Task requirements: Would you transcribe the listing that follows word for word, skipping pictures?

Dataset section:
-------

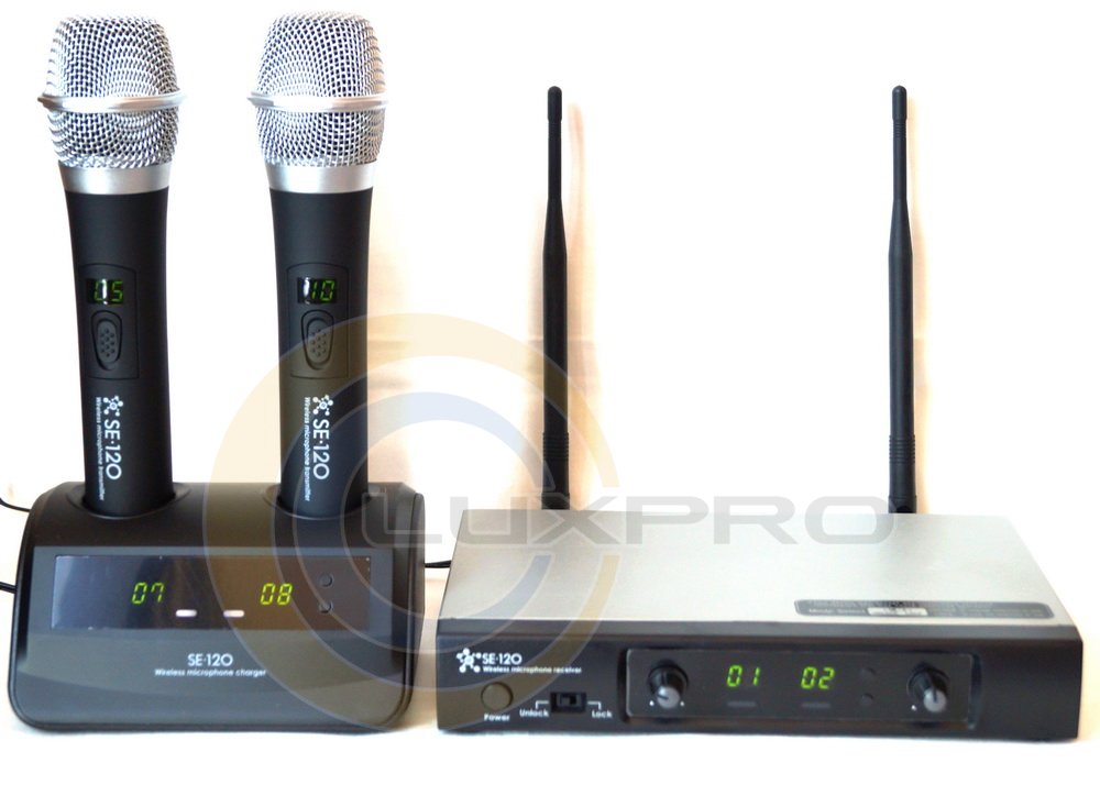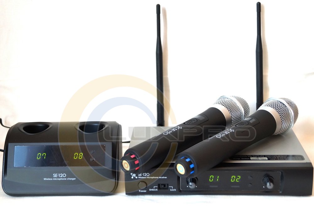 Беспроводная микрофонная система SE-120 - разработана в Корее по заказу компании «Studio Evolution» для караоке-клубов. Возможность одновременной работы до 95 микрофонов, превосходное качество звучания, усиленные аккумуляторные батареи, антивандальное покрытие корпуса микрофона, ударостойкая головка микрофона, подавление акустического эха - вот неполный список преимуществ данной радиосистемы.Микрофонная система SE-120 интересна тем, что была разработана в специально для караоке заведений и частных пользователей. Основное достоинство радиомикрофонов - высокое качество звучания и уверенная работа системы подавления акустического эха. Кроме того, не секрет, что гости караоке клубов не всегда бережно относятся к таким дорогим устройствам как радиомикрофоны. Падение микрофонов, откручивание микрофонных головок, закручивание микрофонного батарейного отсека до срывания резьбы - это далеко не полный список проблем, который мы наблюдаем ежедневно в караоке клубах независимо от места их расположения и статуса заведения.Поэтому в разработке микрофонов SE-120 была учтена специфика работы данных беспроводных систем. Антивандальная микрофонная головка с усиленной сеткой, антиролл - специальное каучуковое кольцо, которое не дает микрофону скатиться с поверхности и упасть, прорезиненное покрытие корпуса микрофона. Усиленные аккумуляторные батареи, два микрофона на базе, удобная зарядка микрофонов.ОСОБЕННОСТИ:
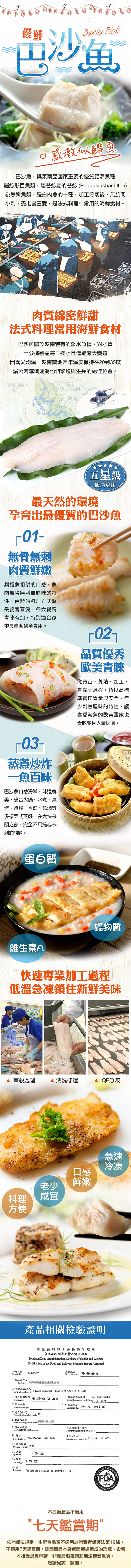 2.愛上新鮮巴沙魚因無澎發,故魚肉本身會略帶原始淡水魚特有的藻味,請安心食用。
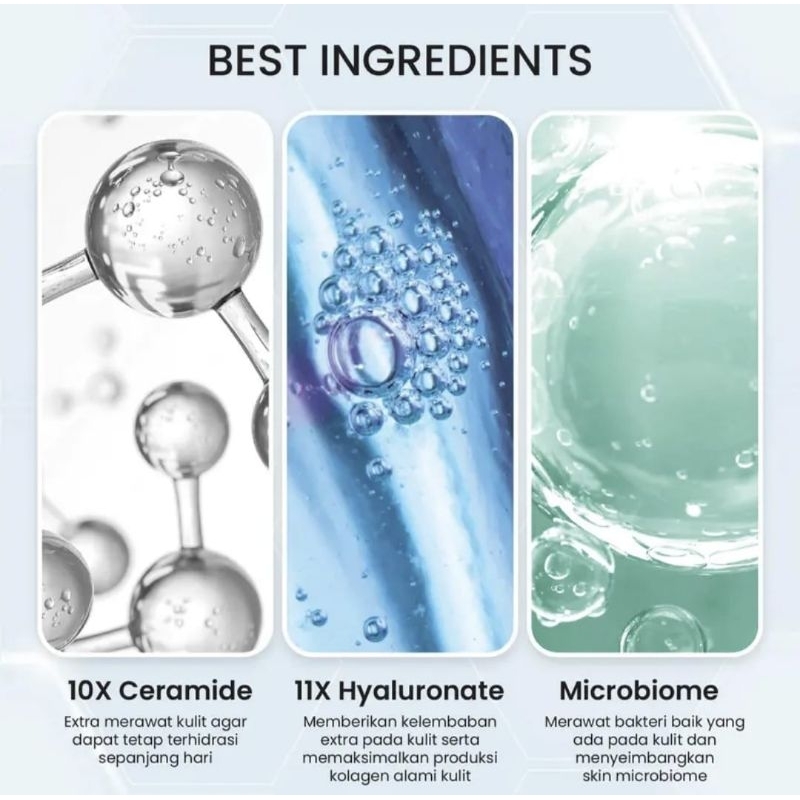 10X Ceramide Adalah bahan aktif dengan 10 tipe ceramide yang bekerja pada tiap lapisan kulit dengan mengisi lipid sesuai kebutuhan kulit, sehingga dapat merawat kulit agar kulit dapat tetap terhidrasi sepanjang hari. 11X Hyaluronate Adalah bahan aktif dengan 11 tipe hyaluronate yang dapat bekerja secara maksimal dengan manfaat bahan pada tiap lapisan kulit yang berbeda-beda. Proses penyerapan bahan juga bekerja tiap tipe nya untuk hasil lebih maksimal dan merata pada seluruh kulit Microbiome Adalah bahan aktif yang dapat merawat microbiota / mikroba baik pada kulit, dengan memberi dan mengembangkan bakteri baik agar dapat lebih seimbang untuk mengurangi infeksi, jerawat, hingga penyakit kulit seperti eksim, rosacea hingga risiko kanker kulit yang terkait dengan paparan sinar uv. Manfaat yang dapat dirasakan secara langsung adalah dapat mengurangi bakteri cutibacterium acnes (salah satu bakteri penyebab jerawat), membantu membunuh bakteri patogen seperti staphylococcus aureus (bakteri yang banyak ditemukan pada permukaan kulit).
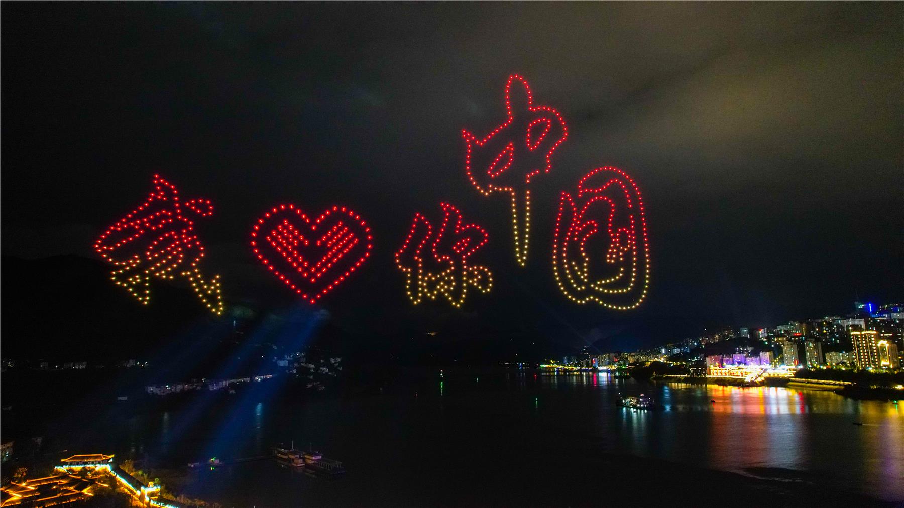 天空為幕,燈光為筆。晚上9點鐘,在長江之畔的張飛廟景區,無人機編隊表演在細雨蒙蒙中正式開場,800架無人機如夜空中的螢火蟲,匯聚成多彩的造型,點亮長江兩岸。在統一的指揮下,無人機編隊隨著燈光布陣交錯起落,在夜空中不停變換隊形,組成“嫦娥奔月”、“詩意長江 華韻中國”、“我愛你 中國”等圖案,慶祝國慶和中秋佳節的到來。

-------

Task answer:
 Беспроводная микрофонная система SE-120 - разработана в Корее по заказу компании «Studio Evolution» для караоке-клубов. Возможность одновременной работы до 95 микрофонов, превосходное качество звучания, усиленные аккумуляторные батареи, антивандальное покрытие корпуса микрофона, ударостойкая головка микрофона, подавление акустического эха - вот неполный список преимуществ данной радиосистемы.Микрофонная система SE-120 интересна тем, что была разработана в специально для караоке заведений и частных пользователей. Основное достоинство радиомикрофонов - высокое качество звучания и уверенная работа системы подавления акустического эха. Кроме того, не секрет, что гости караоке клубов не всегда бережно относятся к таким дорогим устройствам как радиомикрофоны. Падение микрофонов, откручивание микрофонных головок, закручивание микрофонного батарейного отсека до срывания резьбы - это далеко не полный список проблем, который мы наблюдаем ежедневно в караоке клубах независимо от места их расположения и статуса заведения.Поэтому в разработке микрофонов SE-120 была учтена специфика работы данных беспроводных систем. Антивандальная микрофонная головка с усиленной сеткой, антиролл - специальное каучуковое кольцо, которое не дает микрофону скатиться с поверхности и упасть, прорезиненное покрытие корпуса микрофона. Усиленные аккумуляторные батареи, два микрофона на базе, удобная зарядка микрофонов.ОСОБЕННОСТИ:
 2.愛上新鮮巴沙魚因無澎發,故魚肉本身會略帶原始淡水魚特有的藻味,請安心食用。
 10X Ceramide Adalah bahan aktif dengan 10 tipe ceramide yang bekerja pada tiap lapisan kulit dengan mengisi lipid sesuai kebutuhan kulit, sehingga dapat merawat kulit agar kulit dapat tetap terhidrasi sepanjang hari. 11X Hyaluronate Adalah bahan aktif dengan 11 tipe hyaluronate yang dapat bekerja secara maksimal dengan manfaat bahan pada tiap lapisan kulit yang berbeda-beda. Proses penyerapan bahan juga bekerja tiap tipe nya untuk hasil lebih maksimal dan merata pada seluruh kulit Microbiome Adalah bahan aktif yang dapat merawat microbiota / mikroba baik pada kulit, dengan memberi dan mengembangkan bakteri baik agar dapat lebih seimbang untuk mengurangi infeksi, jerawat, hingga penyakit kulit seperti eksim, rosacea hingga risiko kanker kulit yang terkait dengan paparan sinar uv. Manfaat yang dapat dirasakan secara langsung adalah dapat mengurangi bakteri cutibacterium acnes (salah satu bakteri penyebab jerawat), membantu membunuh bakteri patogen seperti staphylococcus aureus (bakteri yang banyak ditemukan pada permukaan kulit).
 天空為幕,燈光為筆。晚上9點鐘,在長江之畔的張飛廟景區,無人機編隊表演在細雨蒙蒙中正式開場,800架無人機如夜空中的螢火蟲,匯聚成多彩的造型,點亮長江兩岸。在統一的指揮下,無人機編隊隨著燈光布陣交錯起落,在夜空中不停變換隊形,組成“嫦娥奔月”、“詩意長江 華韻中國”、“我愛你 中國”等圖案,慶祝國慶和中秋佳節的到來。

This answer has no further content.